All Kansas Forest Service fire staff members, as well as temporary fire personnel, were engaged in the multiple fires around the state, assisting with incident management teams in Clark, Ford and Reno county areas as well as coordinating air and ground strike teams.
Key fire-control personnel were dispersed across the areas of need: Fire Planning Specialist Eric Ward was in Dodge City; Fire Training Specialist Rodney Redinger in Hutchinson; Fire Program Coordinator Ross Hauck in Ashland; and Fire Protection Specialist Jason Hartman assisted at the State Emergency Operations Center in Topeka.
Kansas Forest Service District 8 Forester, John Klempa acted as a Single Engine Air Tanker (SEAT) manager, which involved being the ground contact for making sure that the SEATs had what they needed logistically and could operate safely, and he coordinated activity between the pilots and the incident command structure. SEATs carry up to 800 gallons of water to the fire quickly and drop it on the fire line, or ahead of the fire line in a protective manner. Their drop altitude and approach is similar to an agriculture “crop duster” type aircraft.
Kansas Forest Service district 6 forester, Dennis Carlson, served as engine boss, in charge of KFS wildland fire engine 62 apparatus and crew, similar to a municipal fire department captain. He received assignments from the command structure and was responsible for deciding how best to accomplish those tasks safely and efficiently. In this capacity, the engine boss is at times directly on the fire line supervising his crew of firefighters to attack the fire and protect structures.
Numerous Kansas Forest Service full-time and temporary employees filled roles ranging from finance to meteorology, mapping, as well as physical firefighting efforts.
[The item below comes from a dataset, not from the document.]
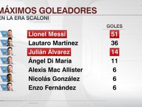 斯卡洛尼治下阿根廷队射手榜:梅西51球第一,小蜘蛛14球第三

In addition to state staff and outstate crews, a large number of Kansas’ volunteer and paid fire departments from all across the state deployed personnel and equipment to the fires. Moreover, throughout the impacted areas, community groups were front and center with plentiful food and drink.
“To all who spent time working the fire or supporting fire fighters and administrators please know your engagement is sincerely appreciated,” state forester Biles said. “The hours you spent on the line and in the command centers making split-second decisions regarding lives and property at the cost of time with your own family is duly noted and truly appreciated. May we not experience a repeat of 2016 and 2017 anytime soon.”